● What the task asks: Do not include the pictures; repeat the rest of the data exactly.

● Source data:
-*-

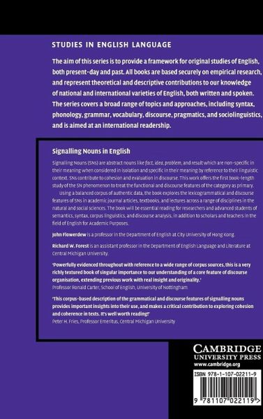 Signalling nouns (SNs) are abstract nouns like 'fact', 'idea', 'problem' and 'result', which are non-specific in their meaning when considered in isolation and specific in their meaning by reference to their linguistic context. SNs contribute to cohesion and evaluation in discourse. This work offers the first book-length study of the SN phenomenon to treat the functional and discourse features of the category as primary. Using a balanced corpus of authentic data, the book explores the lexicogrammatical and discourse features of SNs in academic journal articles, textbooks, and lectures across a range of disciplines in the natural and social sciences. The book will be essential reading for researchers and advanced students of semantics, syntax, corpus linguistics and discourse analysis, in addition to scholars and teachers in the field of English for academic purposes.
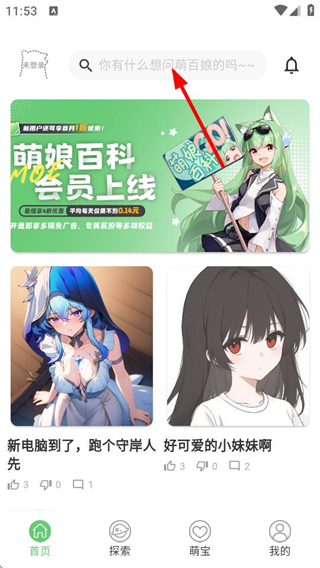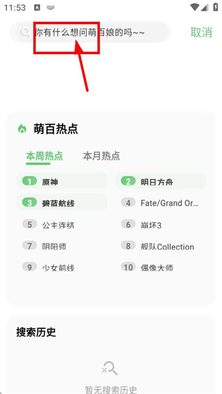 1、进入萌娘百科后,点击顶部的搜索框,可进入搜索页面。
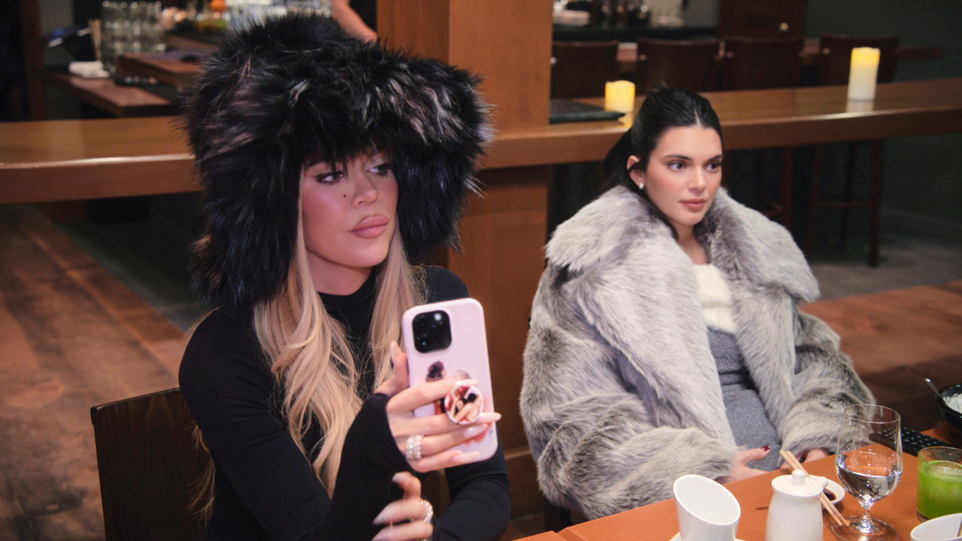 Kendall Jenner calls someone with sister Khloe Kardashian next to her. Rumor has it she’s not speaking to her siblings, but tells someone on the phone, “I’m so mad. You guys aren’t my real family.”
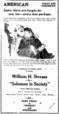 Solomon in Society is a 1922 American silent drama film directed by Lawrence C. Windom and starring Charles Delaney and Lillian Herlein.[1]

-*-

● Response box:
 Signalling nouns (SNs) are abstract nouns like 'fact', 'idea', 'problem' and 'result', which are non-specific in their meaning when considered in isolation and specific in their meaning by reference to their linguistic context. SNs contribute to cohesion and evaluation in discourse. This work offers the first book-length study of the SN phenomenon to treat the functional and discourse features of the category as primary. Using a balanced corpus of authentic data, the book explores the lexicogrammatical and discourse features of SNs in academic journal articles, textbooks, and lectures across a range of disciplines in the natural and social sciences. The book will be essential reading for researchers and advanced students of semantics, syntax, corpus linguistics and discourse analysis, in addition to scholars and teachers in the field of English for academic purposes.
 1、进入萌娘百科后,点击顶部的搜索框,可进入搜索页面。
 Kendall Jenner calls someone with sister Khloe Kardashian next to her. Rumor has it she’s not speaking to her siblings, but tells someone on the phone, “I’m so mad. You guys aren’t my real family.”
 Solomon in Society is a 1922 American silent drama film directed by Lawrence C. Windom and starring Charles Delaney and Lillian Herlein.[1]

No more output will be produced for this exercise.